**The records**

= = = =

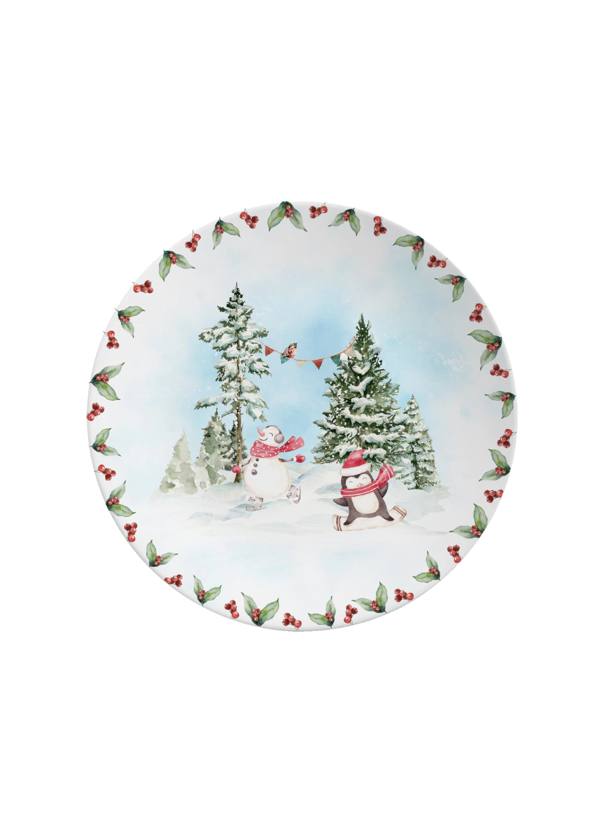 Feito de cerâmica, o prato tem uma estampa lúdica e delicada, com um pinguim e um boneco de neve em um cenário com pinheiros e neve. A borda do prato é enfeitada com ramos de azevinho e bolinhas que lembram azeitonas.
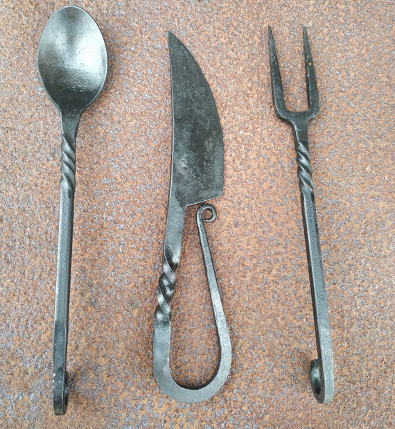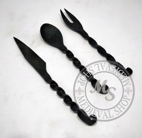Hand Forged Iron Medieval Cutlery Set Viking Traditional Etsy
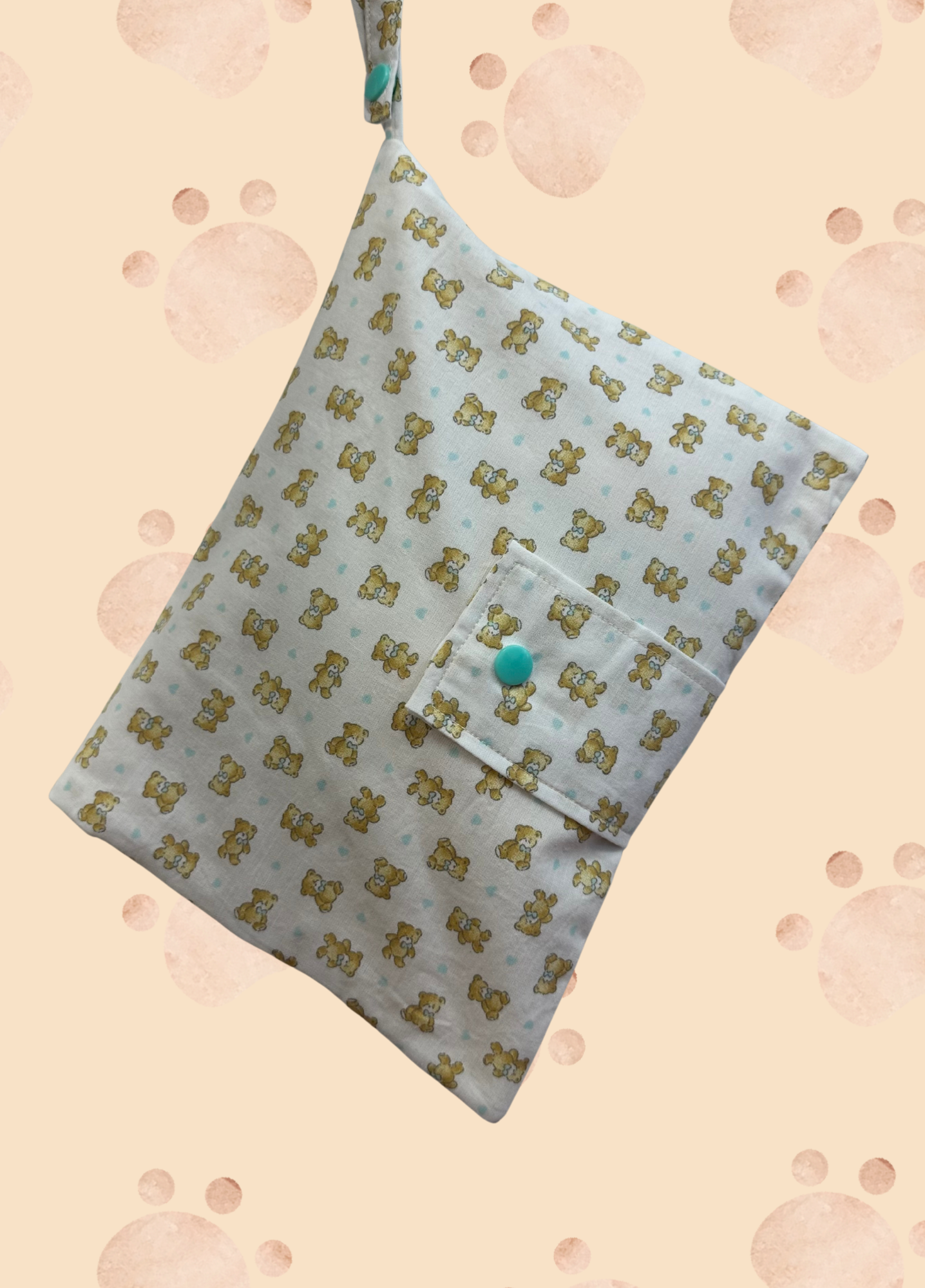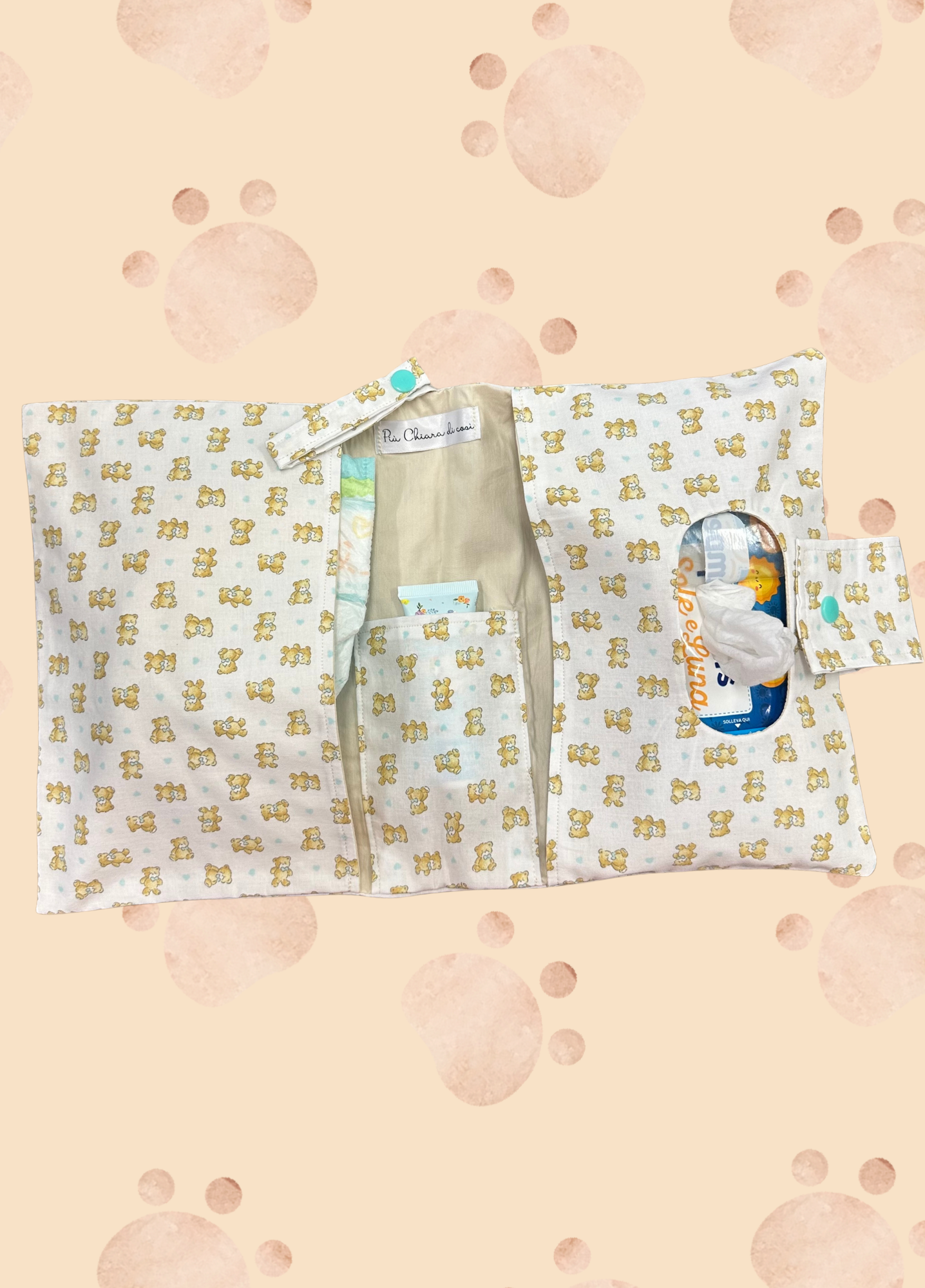 Il Porta Pannolini orsacchiotti con sfondo panna e dolci orsacchiotti che popolano la scena. Chiuso con un bottoncino a pressione celeste.
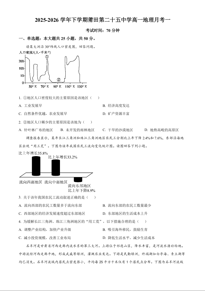 高一地理(原卷版)--福建省莆田二十五中学2025-2026学年下学期4月月考
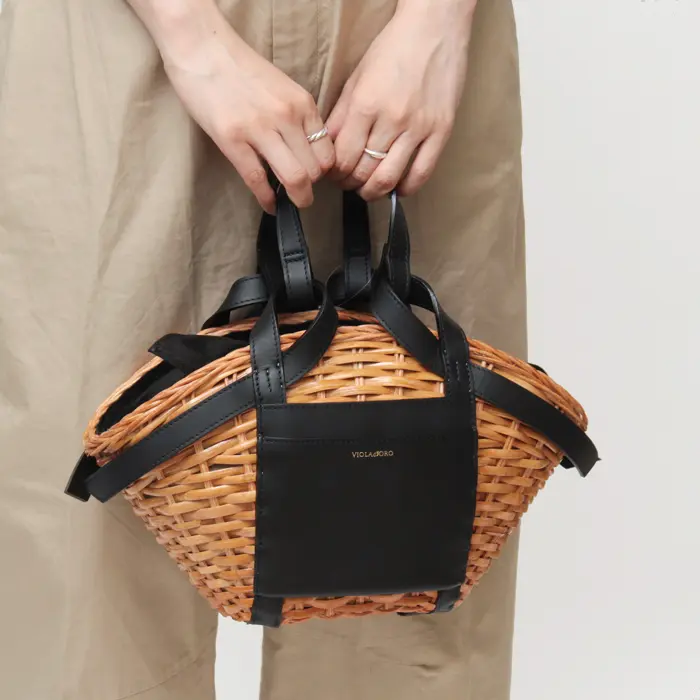 VIOLAd'ORO ヴィオラドーロ MIRO スプリットラタン かごバッグ V-8637 キャメル/ブラック
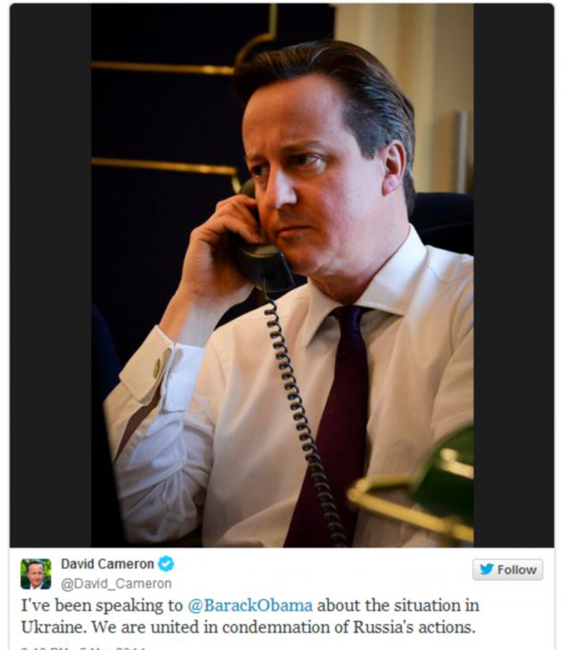 卡梅伦致电奥巴马自拍照
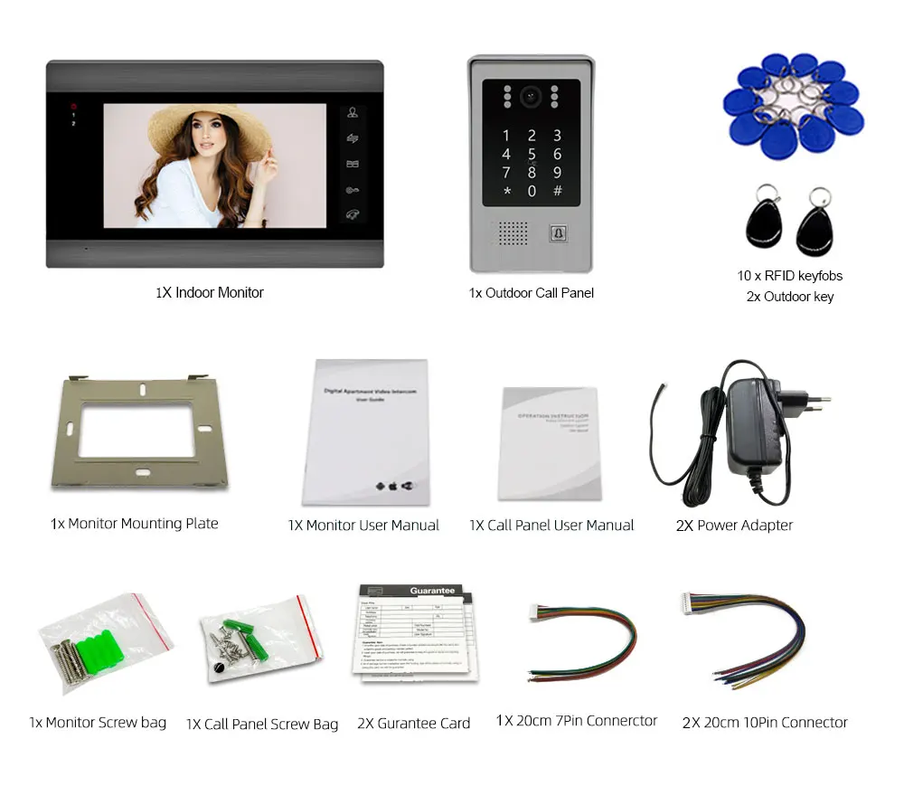 1 внутренний монитор1 наружный дверной Звонок1 Монтажная пластина для монитора1x панель вызова Руководство пользователя12х pфид карта2x гарантийная карта5x 4-контактный разъем1x 2pin разъем2x источник питания
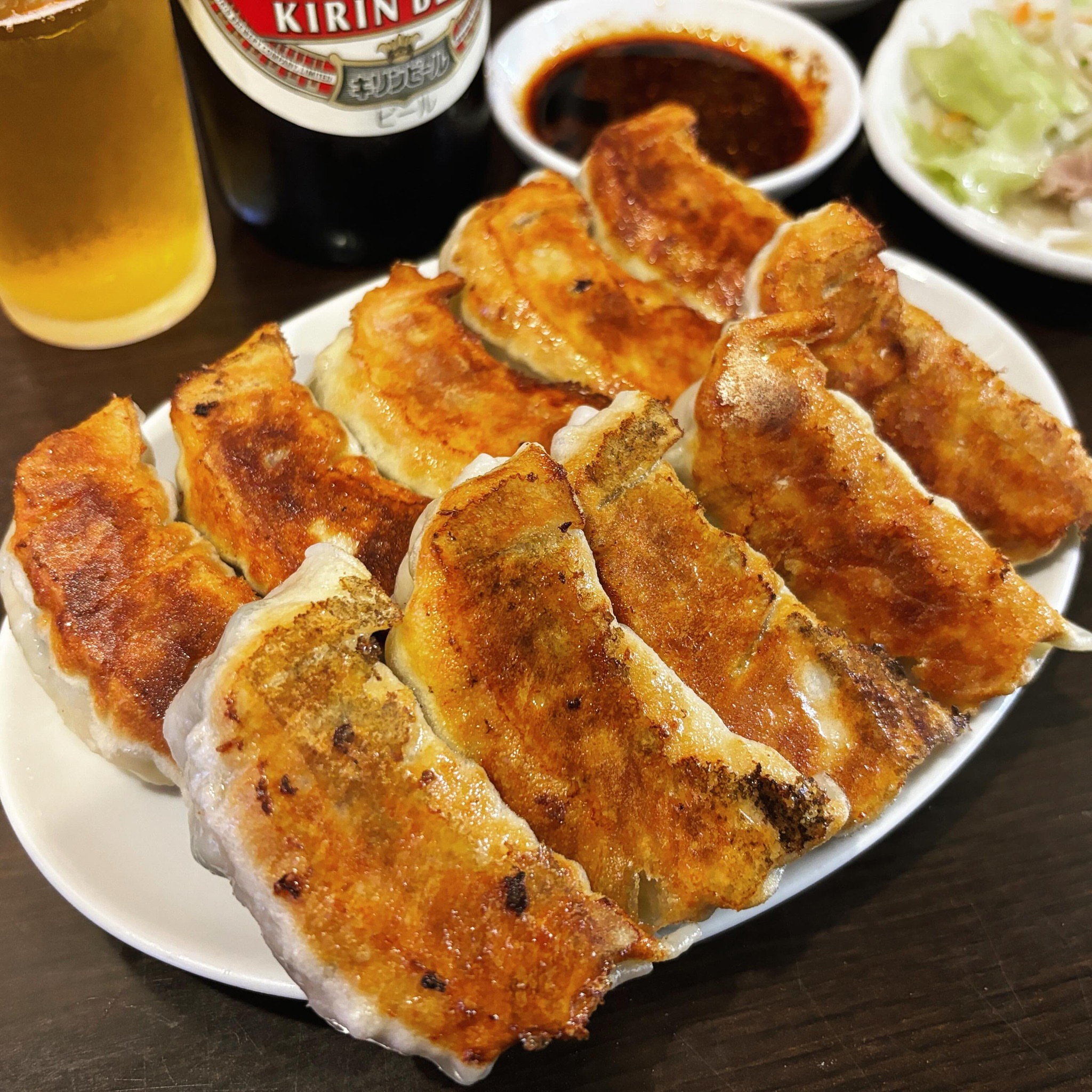木場の餃子の店 来々軒は、焼き目のついたコロンとした餃子にぎっしり餡が特徴です。タンメン発祥のお店としても有名で、餃子とビールの定番に加え、タンメン野菜のサービスと自家製ラー油・鎮江香醋が味を引き立てます。リニューアルした店内はカフェ風で落ち着きます。

= = = =

**Exercise**
Write every line above out again exactly; pictures do not belong in the copy.

**Response to this task**
 Feito de cerâmica, o prato tem uma estampa lúdica e delicada, com um pinguim e um boneco de neve em um cenário com pinheiros e neve. A borda do prato é enfeitada com ramos de azevinho e bolinhas que lembram azeitonas.
Hand Forged Iron Medieval Cutlery Set Viking Traditional Etsy
 Il Porta Pannolini orsacchiotti con sfondo panna e dolci orsacchiotti che popolano la scena. Chiuso con un bottoncino a pressione celeste.
 高一地理(原卷版)--福建省莆田二十五中学2025-2026学年下学期4月月考
 VIOLAd'ORO ヴィオラドーロ MIRO スプリットラタン かごバッグ V-8637 キャメル/ブラック
 卡梅伦致电奥巴马自拍照
 1 внутренний монитор1 наружный дверной Звонок1 Монтажная пластина для монитора1x панель вызова Руководство пользователя12х pфид карта2x гарантийная карта5x 4-контактный разъем1x 2pin разъем2x источник питания
木場の餃子の店 来々軒は、焼き目のついたコロンとした餃子にぎっしり餡が特徴です。タンメン発祥のお店としても有名で、餃子とビールの定番に加え、タンメン野菜のサービスと自家製ラー油・鎮江香醋が味を引き立てます。リニューアルした店内はカフェ風で落ち着きます。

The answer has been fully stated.